» **WHAT YOU SHOULD DO**
For this task, output exactly the lines of the material below starting at the line with "Такой лед называют" and ending at the line with "This razor is"; pictures are to be excluded.

» **WORKING DATA**
────

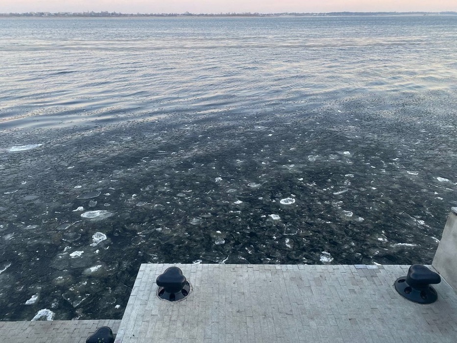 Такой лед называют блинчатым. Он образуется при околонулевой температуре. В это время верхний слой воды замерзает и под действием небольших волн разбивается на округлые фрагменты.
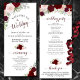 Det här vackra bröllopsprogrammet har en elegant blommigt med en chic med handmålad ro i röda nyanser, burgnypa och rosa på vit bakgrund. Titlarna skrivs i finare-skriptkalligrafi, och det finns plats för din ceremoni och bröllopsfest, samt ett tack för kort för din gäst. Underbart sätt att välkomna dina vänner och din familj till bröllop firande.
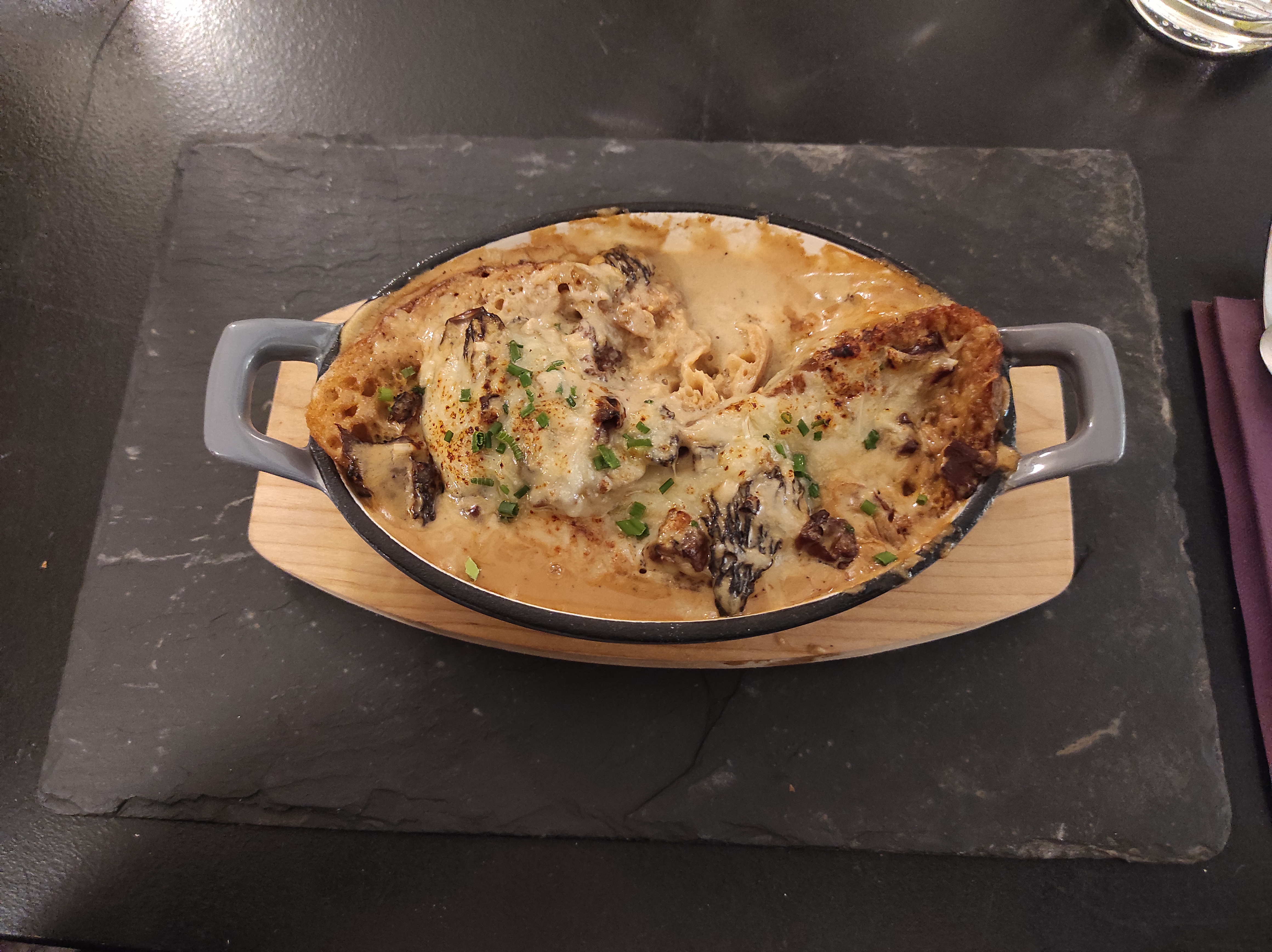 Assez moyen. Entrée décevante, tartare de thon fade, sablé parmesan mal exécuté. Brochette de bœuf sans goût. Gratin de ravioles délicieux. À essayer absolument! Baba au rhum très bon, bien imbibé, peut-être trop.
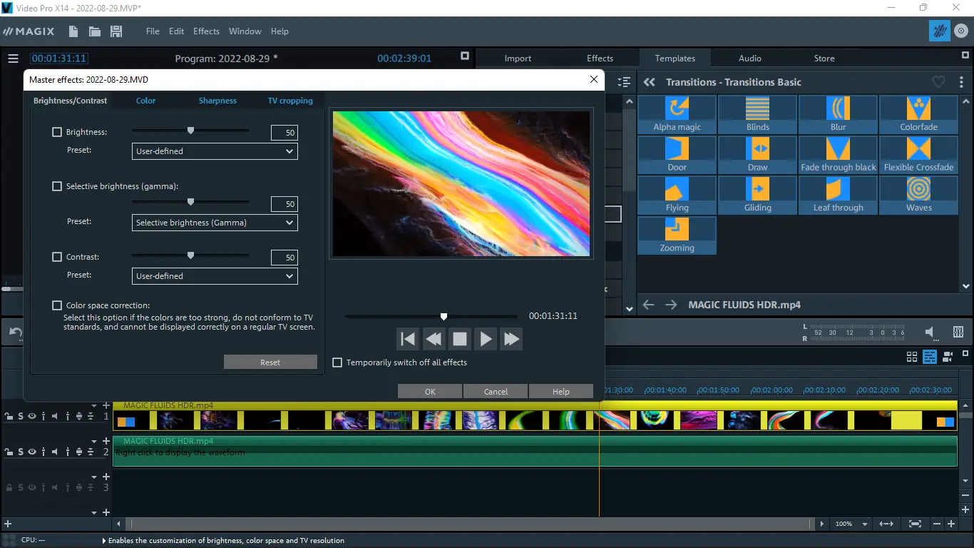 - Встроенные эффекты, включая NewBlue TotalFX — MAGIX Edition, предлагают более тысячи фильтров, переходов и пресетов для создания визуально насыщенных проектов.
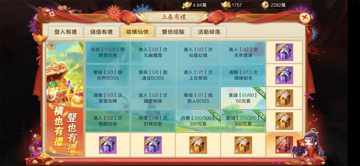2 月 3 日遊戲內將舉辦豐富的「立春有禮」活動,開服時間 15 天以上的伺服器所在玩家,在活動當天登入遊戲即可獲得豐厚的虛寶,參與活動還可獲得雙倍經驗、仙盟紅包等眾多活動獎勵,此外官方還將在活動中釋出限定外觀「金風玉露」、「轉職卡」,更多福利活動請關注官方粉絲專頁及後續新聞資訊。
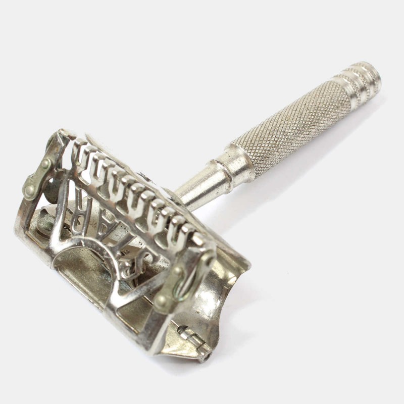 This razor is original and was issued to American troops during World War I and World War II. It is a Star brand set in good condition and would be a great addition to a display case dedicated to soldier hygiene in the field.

────

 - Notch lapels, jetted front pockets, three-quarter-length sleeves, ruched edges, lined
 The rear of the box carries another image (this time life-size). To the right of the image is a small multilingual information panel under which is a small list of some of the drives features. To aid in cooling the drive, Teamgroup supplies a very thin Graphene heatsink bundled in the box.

────

» **RESPONSE**
 Такой лед называют блинчатым. Он образуется при околонулевой температуре. В это время верхний слой воды замерзает и под действием небольших волн разбивается на округлые фрагменты.
 Det här vackra bröllopsprogrammet har en elegant blommigt med en chic med handmålad ro i röda nyanser, burgnypa och rosa på vit bakgrund. Titlarna skrivs i finare-skriptkalligrafi, och det finns plats för din ceremoni och bröllopsfest, samt ett tack för kort för din gäst. Underbart sätt att välkomna dina vänner och din familj till bröllop firande.
 Assez moyen. Entrée décevante, tartare de thon fade, sablé parmesan mal exécuté. Brochette de bœuf sans goût. Gratin de ravioles délicieux. À essayer absolument! Baba au rhum très bon, bien imbibé, peut-être trop.
 - Встроенные эффекты, включая NewBlue TotalFX — MAGIX Edition, предлагают более тысячи фильтров, переходов и пресетов для создания визуально насыщенных проектов.
2 月 3 日遊戲內將舉辦豐富的「立春有禮」活動,開服時間 15 天以上的伺服器所在玩家,在活動當天登入遊戲即可獲得豐厚的虛寶,參與活動還可獲得雙倍經驗、仙盟紅包等眾多活動獎勵,此外官方還將在活動中釋出限定外觀「金風玉露」、「轉職卡」,更多福利活動請關注官方粉絲專頁及後續新聞資訊。
 This razor is original and was issued to American troops during World War I and World War II. It is a Star brand set in good condition and would be a great addition to a display case dedicated to soldier hygiene in the field.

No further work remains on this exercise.